CN115377698B - Frequency multiplexing super surface for regulating electromagnetic wave in transmission and reflection modes - Google Patents

Abstract

The invention relates to a frequency multiplexing super-surface for regulating electromagnetic waves in transmission and reflection modes, and belongs to the technical field of electromagnetic super-surfaces. The frequency multiplexing super surface is formed by arranging frequency multiplexing units, the frequency multiplexing units are of a multi-layer structure and comprise five metal layers and four dielectric layers, and adjacent metal layers are connected through the dielectric layers. The first metal layer comprises a deformed cross structure and two rectangular strip structures, the second metal layer comprises a square frame and a square patch, the third metal layer and the fifth metal layer both have double-arrow structures, and the fourth metal layer has a rectangular structure. The invention can realize independent beam control in different frequency bands, realize polarization change and polarization isolation of incident electromagnetic waves, solve the coupling of structures between frequency bands and the coupling between metal structures of different layers or the same layer, and has potential application value in the fields of communication antennas, integrated systems and the like.

Description

Frequency multiplexing super surface for regulating electromagnetic wave in transmission and reflection modes

Technical Field

The invention belongs to the technical field of electromagnetic super-surfaces, and relates to a frequency multiplexing super-surface for operating circularly polarized waves and linearly polarized waves in full space in transmission and reflection modes.

Background

The traditional super-surface mainly controls the transmitted wave and the reflected wave by introducing phase mutation among units, and the mechanism of phase mutation can be divided into two types of transmission phase super-surface and geometric phase super-surface. The transmission phase subsurface achieves phase abrupt changes by changing cell sizes. The geometrical phase super-surface is also called as a Pancharam-Berry phase (PB phase) super-surface, and the geometrical phase super-surface is easier to prepare due to the fact that the phase is flexibly regulated and controlled by the rotary unit. However, most of the traditional super-surface working modes are limited, such as single working frequency band and single function, which cannot meet the functions of the modern electronic system and are not beneficial to high integration. The multifunctional super-surface gradually goes into the field of view of people, such as dual-band, dual-polarized.

For example, m.b.xin et al realized dual-band efficient OAM reflection wave generation on a 2-bit single-layer supersurface, with cell structures having the ability to independently phase-modulate at two frequencies under linearly polarized incident waves, while the OAM reflection beam propagation modes generated by the supersurfaces are different.
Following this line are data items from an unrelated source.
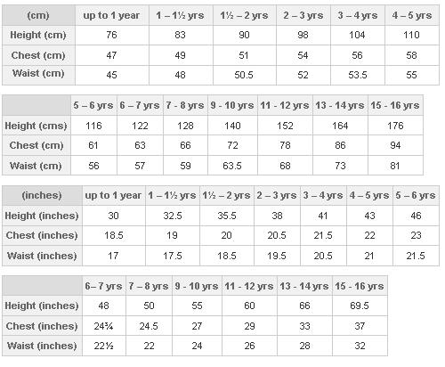 Таблица соответствия размеров детской одежды.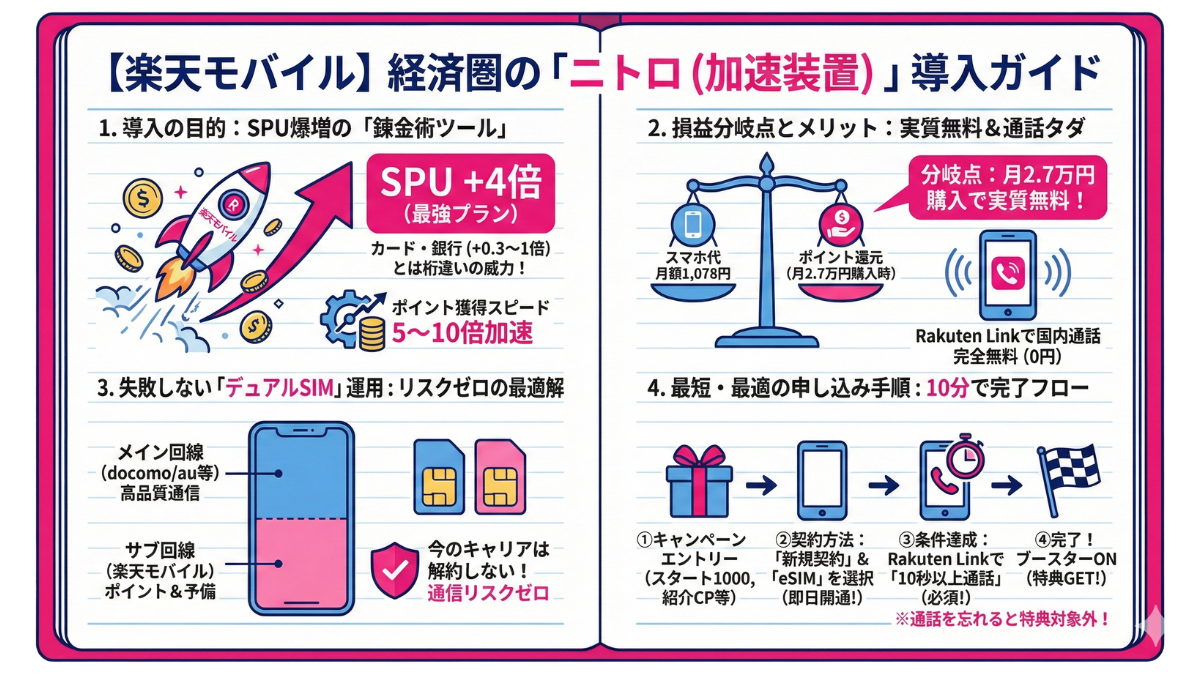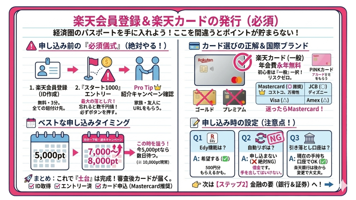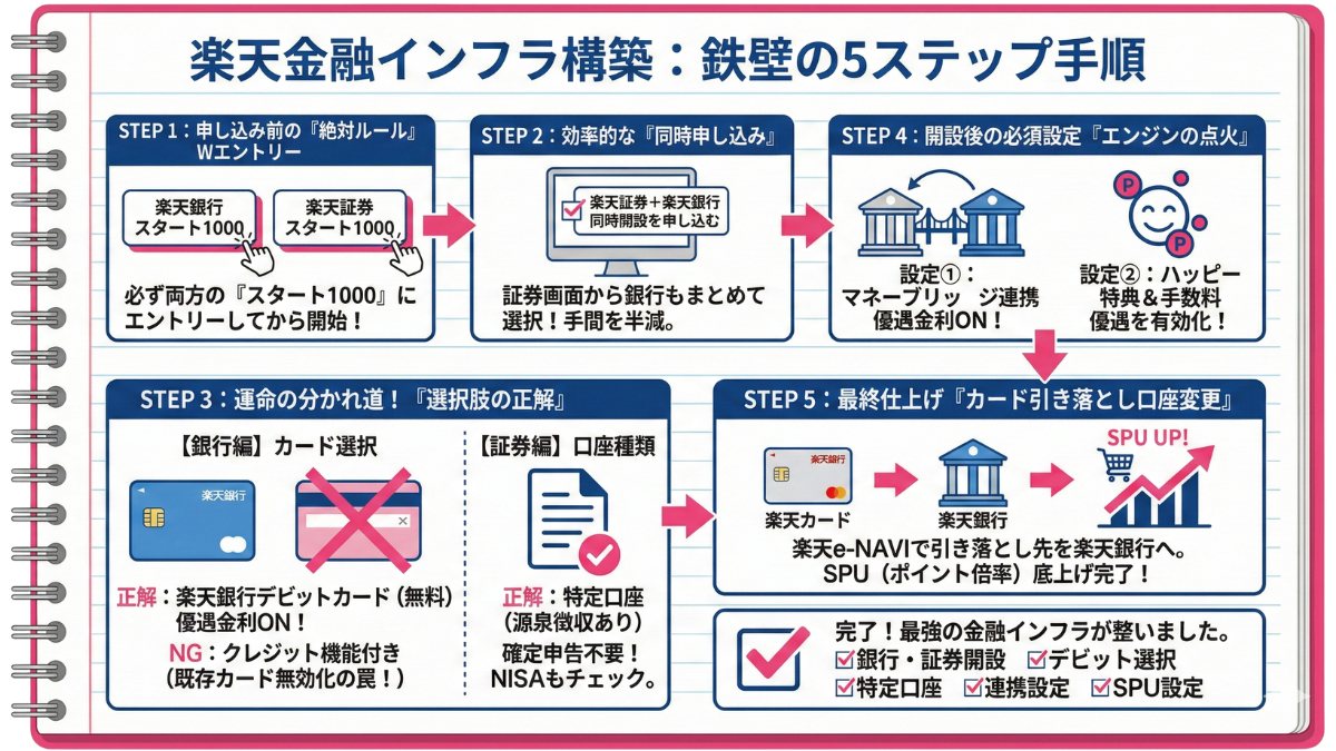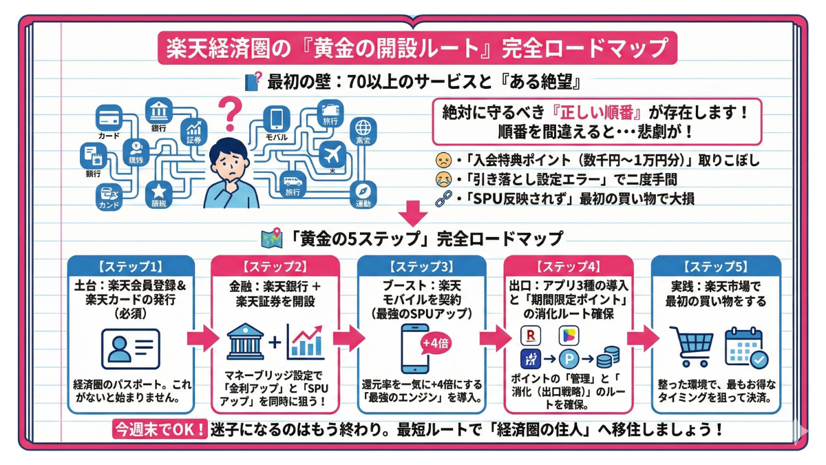 楽天経済圏には、効率よくポイント倍率(SPU)を上げていくための「黄金のルート」が存在します。適当に手をつけてしまうと、本来もらえるはずだった入会特典ポイントを取り逃がしたり、設定が二度手間になったりしてしまいます。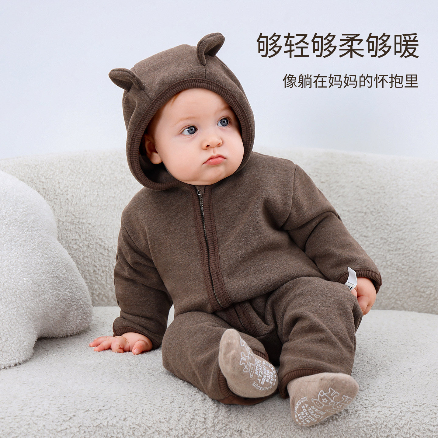 Oak mont婴儿连体衣秋冬羊毛尼加绒保暖新生儿衣服宝宝连帽外出服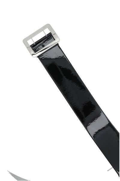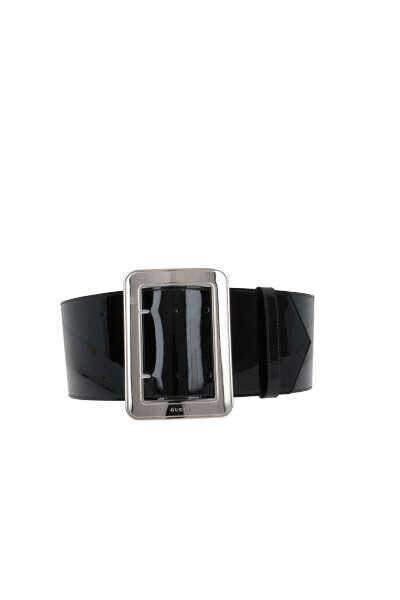 Gucci's waist belt crafted in black patent leather. It features adjustable closure with silver-tone metal buckle embellished by engraved logo lettering.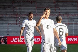 El polaco Robert Lewandowski (PT 39m, de tiro penal) y el francés Benjamin Pavard (ST 35m) marcaron los goles en el estadio Alte Försterei de Union Berlin, a puertas cerradas, con estrictas medidas de seguridad sanitaria por la pandemia de coronavirus.
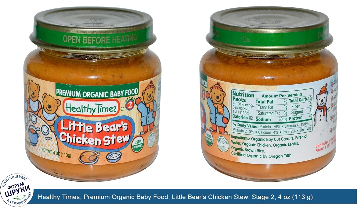 Друзья, если у вас есть отзыв/дополнение/комментарий/вопрос относительно Healthy Times, Premium Organic Baby Food, Little Bear’s Chicken Stew, Stage 2, 4 oz (113 g) - напишите его ответом в эту тему (это будет полезно всему сообществу в целом и вам в отдельности).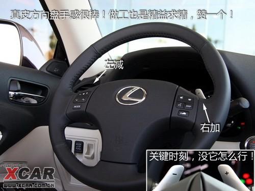 除了色調外,IS300C的內部設計與普通車型基本上一致,不過我倒是覺得儀表盤IS300C完全可以再炫一些,“風”要由內而外的“拉”。IS系列的方向盤手感很棒,真皮材質很細膩,粗細也非常趁手,普通車型都具備的換擋撥片當然也不會缺席。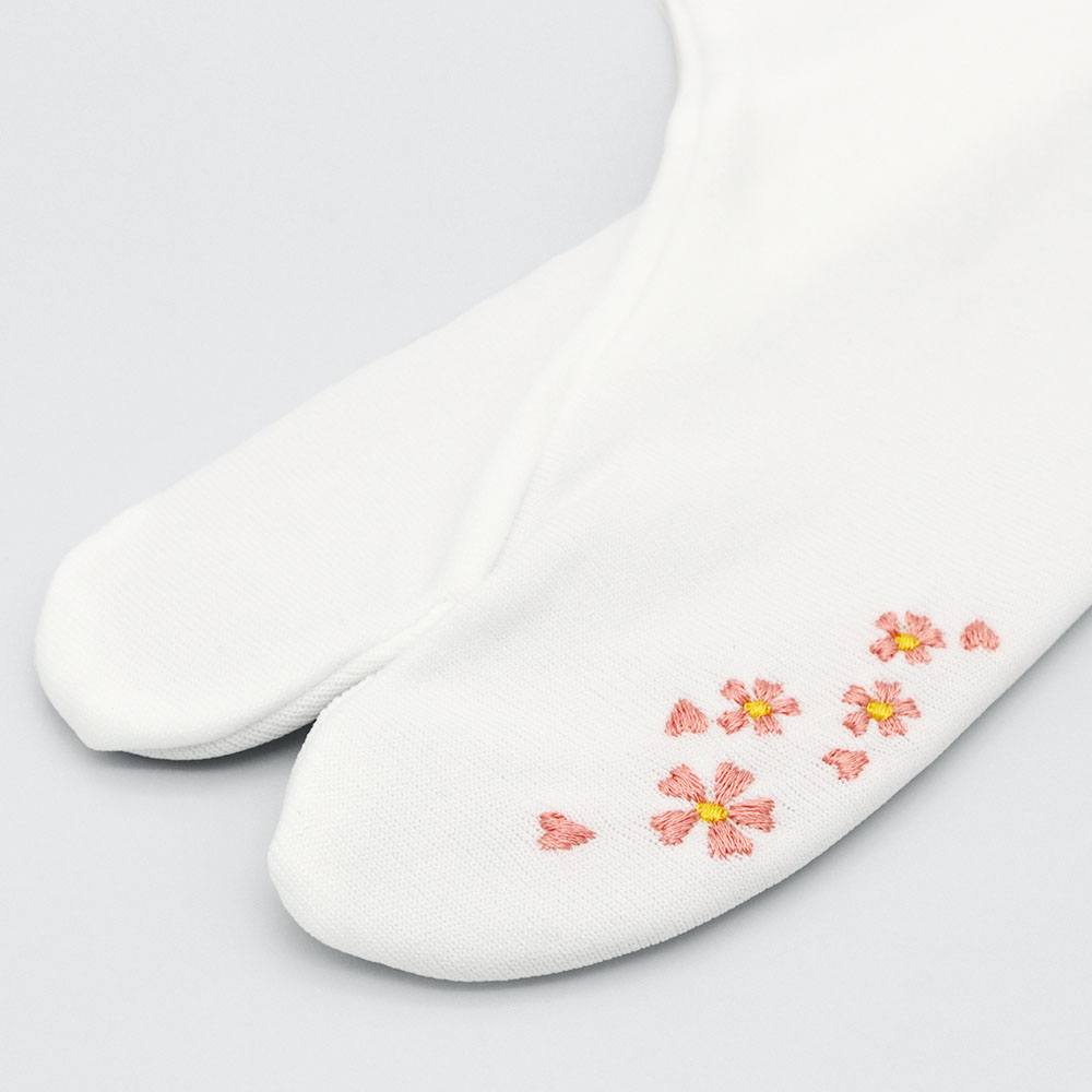 小さなピンクの桜柄刺繍が、足元に可憐なアクセントをプラス。指先ワンポイントなのでコーディネートの邪魔をせず、上品なオシャレを演出できます。

W.Han et al designed a multi-layer unit structure that could exhibit asymmetric transmission of dual circularly polarized and linearly polarized waves in the same frequency band, and could achieve electromagnetic wave regulation in the whole space. The g.y.shang et al uses a unit of three metal layer structure with the supersurface achieving independent holographic imaging functions of y polarized wave reflection and x polarized wave transmission over the full space. Meanwhile, the change of polarization state and operating band of the super surface can be achieved by introducing a reconfigurable device, however, this requires a complicated unit structure and an electronic control system. Although the existing super surface can realize multiple functions and multiple frequency bands, the problems of low integration level, complex design, high cost and the like still exist. However, by designing the composite frequency multiplexing super surface, multi-band, multifunctional and full-space beam regulation and control can be realized on the basis of a single structure, the purposes of miniaturization and low loss of devices are achieved, the information capacity of electromagnetic equipment is greatly improved, and the high integration of a system is facilitated.

Disclosure of Invention

In view of the above, the present invention aims to provide a frequency multiplexing super-surface for modulating electromagnetic waves in transmission and reflection modes, which realizes that the super-surface can independently realize transmission and reflection in two frequency bands, and reduces coupling of transmission and reflection between layers of the super-surface.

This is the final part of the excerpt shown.